The reason you ended up getting only $672 is because all the intermediary banks that your money goes through from Ireland to the US takes "their cut", including your bank in the US for the incoming wire fee. This is something you nor your bank in ireland can control, and they can't tell you how much the fees are, nor the # of banks your money will go through. (They just don't know.)

For the most part, our service skips the intermediary banks. You pay us by sending money to our local bank account.  Then at the destination country, we send from the destination's local bank. Therefore, less risk of your money getting "lost" (it does happen) and you skip the surprise intermediary bank fees.  It's especially good if you use ACH/EFT, as DublinTexas pointed out, so that the destination bank doesn't charge an incoming wire fee.

Everyone is correct about the fees and speed options.  We have no connection with Transfermate though. We have a partnership with XE and we power XE trade (but we don't own them). Our rates are quite decent and they get better for higher amounts (in the thousands).

The rates you see on Oanda and XE currency calculators tend to be mid-market rates, meaning it's the midpoint between buy and sell, so not real rates.  Only banks or large corporations who are transfering millions get close to that.
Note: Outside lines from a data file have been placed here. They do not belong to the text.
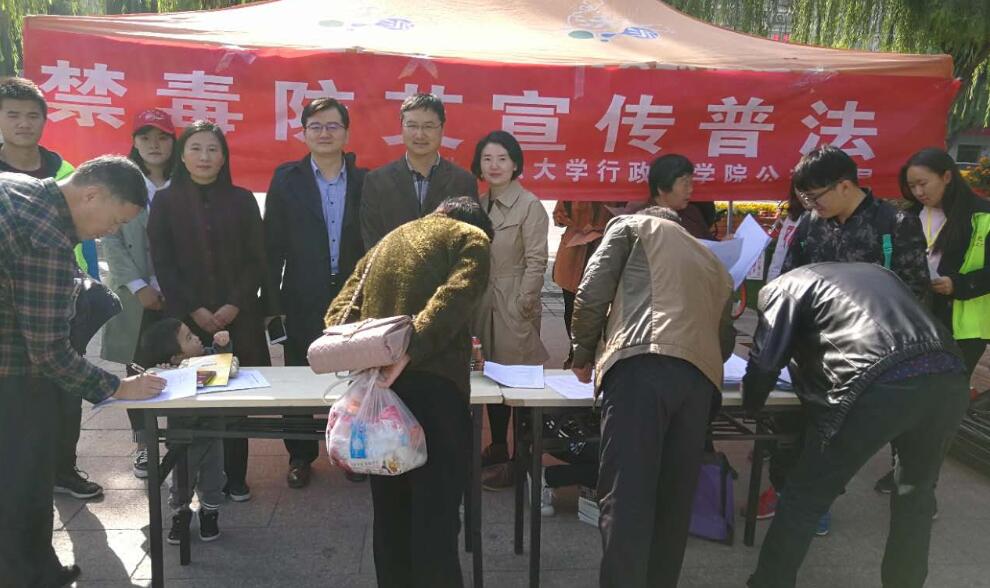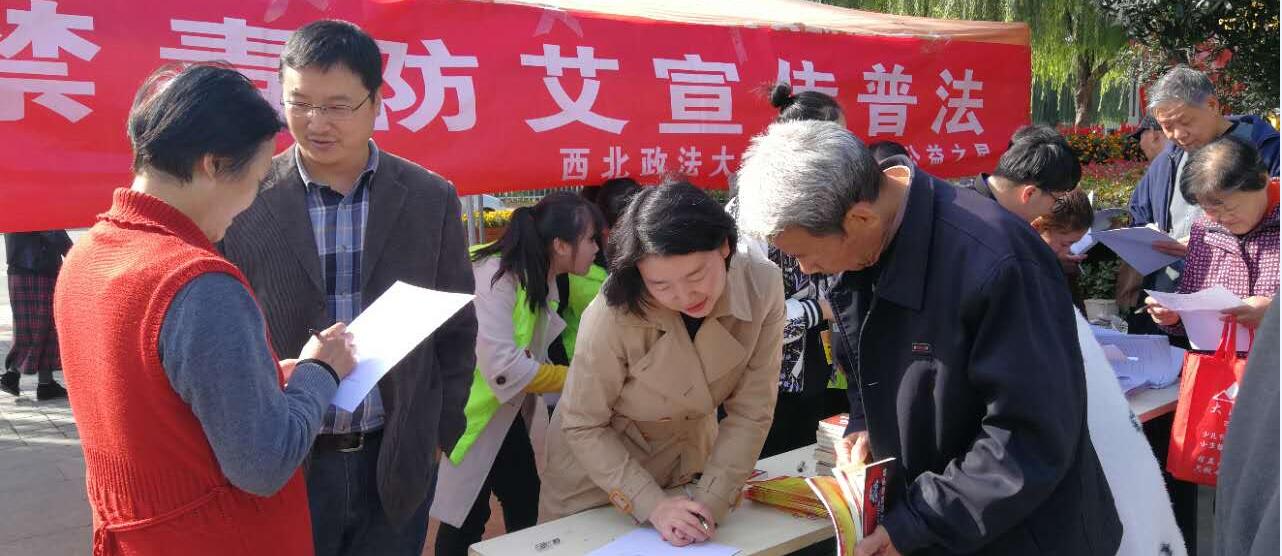 2017年11月7日上午9:00,由成人抖音 主办,“公益之星”社团携手行政法诊所承办,以“禁毒尚法,守护青春之花’为主题的禁毒防艾普法宣传教育活动,在长安广场举行。成人抖音 宪法教研室主任钱锦宇老师、行政诉讼法教研室主任彭涛老师、行政法教研室张艳老师,成人抖音 党委副书记李芳老师,以及学生30多人共同组织、开展了宣传活动。
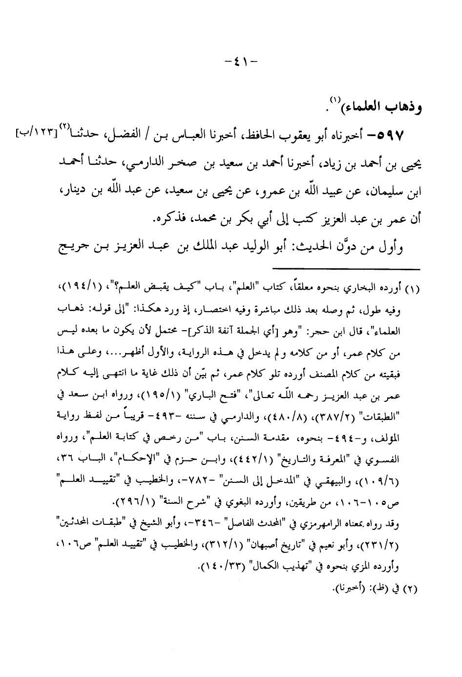 597 - أَخْبَرَنَاهُ أَبُو يَعْقُوبَ الْحَافِظُ أَخْبَرَنَا الْعَبَّاسُ بْنُ الْفَضْلِ حَدَّثَنَا يَحْيَي بْنُ أَحْمَدَ بْنِ زِيَادٍ أَخْبَرَنَا أَحْمَدُ بْنُ سَعِيدِ بْنِ صَخْرٍ الدَّارمِيّ حَدثنَا أَحْمد ابْن سُلَيْمَانَ عَنْ عُبَيْدِ اللَّهِ بْنِ عَمْرٍو عَنْ يَحْيَى بْنِ سَعِيدٍ عَنْ عَبْدِ اللهِ بْنِ دِينَارٍ أَنَّ عُمَرَ بْنَ عَبْدِ الْعَزِيزِ كَتَبَ إِلَى أَبِي بَكْرِ بْنِ مُحَمَّدٍ فَذَكَرَهُ
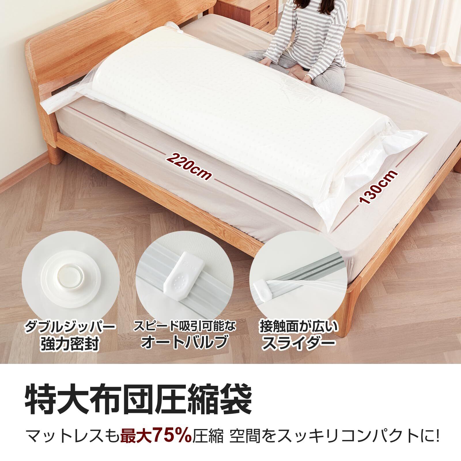 【PA+PE材質】サイズ:L:220×130cm。布団圧縮袋は耐久性に優れたPA+PEの材質が採用されておりますので、柔らかく壊れにくくなり、長時間保管でき、繰り返して使用することができます。季節変わり目、布団とマットレスの入れ替え時などには大活躍しています。
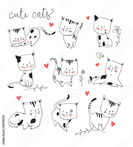 Drawing cute cat set
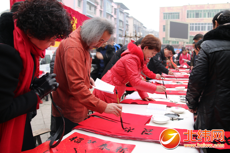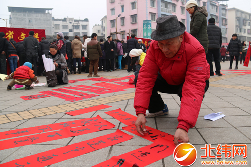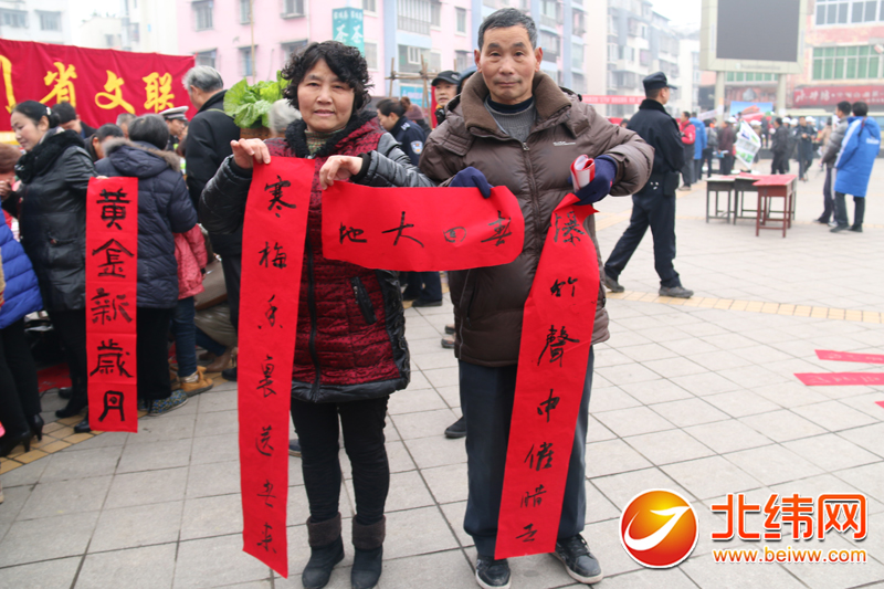最忙、最热闹的应该是春联赠送现场。只见书法家们挥毫泼墨,手不停歇地书写着,刚刚写好一副,赶快就被群众拿走。
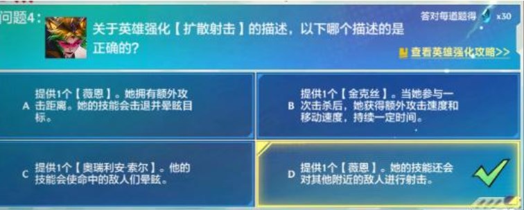 4、關於英雄強化【擴散射擊】的描述,以下哪個描述的是正確的?
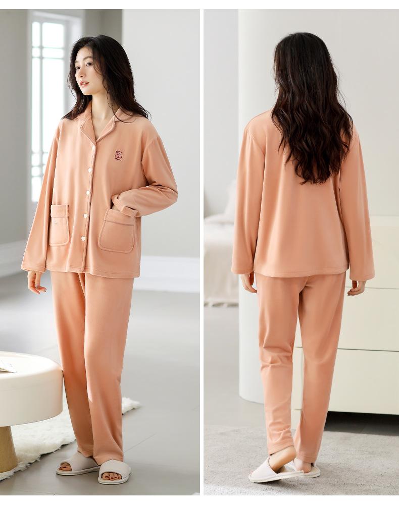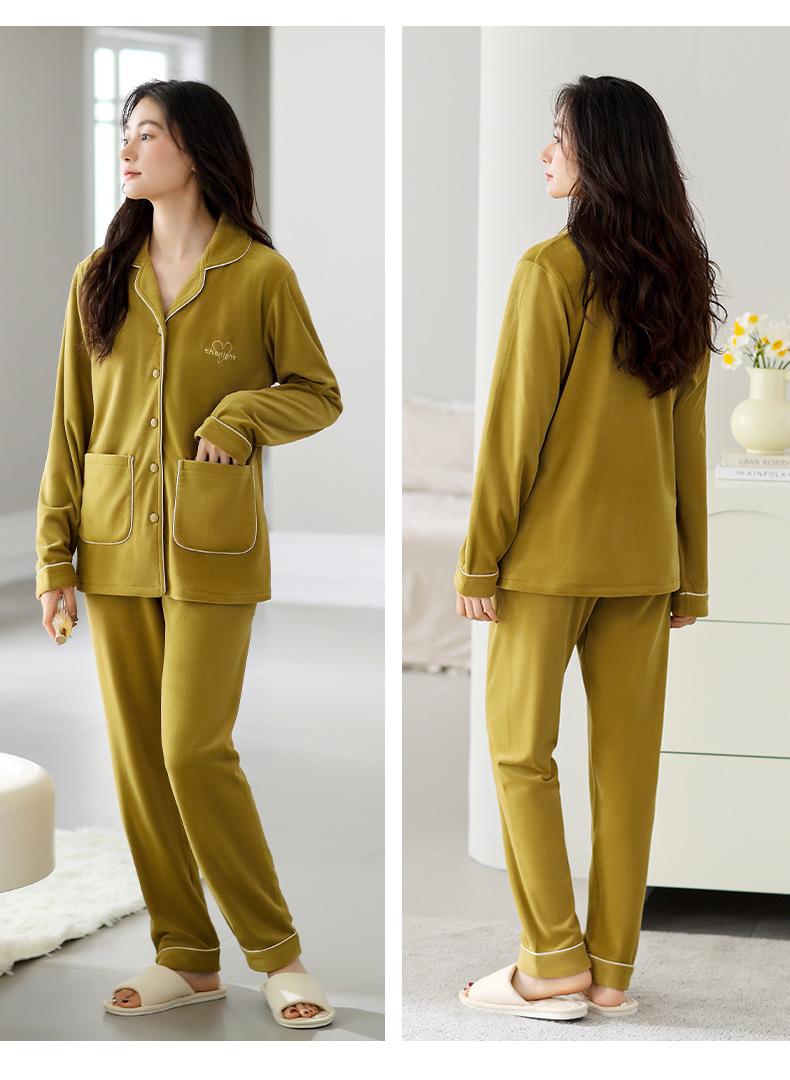 Pijama de terciopelo de invierno para mujer, cárdigan grueso de manga larga, traje sencillo, antiestático, informal, cálido, ropa de hogar para mujer

For the average person, you can expect anywhere from 1-5% mark up, depending on where you go.  i.e. currency exchange in the airports tend to charge at the upper end, banks and online compete in the low to middle, credit cards are in the middle.


----------



## Wahaay (18 Jun 2011)

Anyone know the maximum amount of euros you can change at a bank  without having to show ID ?


----------



## Wahaay (24 Jun 2011)

Wahaay said:


> Anyone know the maximum amount of euros you can change at a bank  without having to show ID ?




It's a grand if anyone is interested.

Bizarrely, Irish banks also don't issue anything higher than a $50 bill.


----------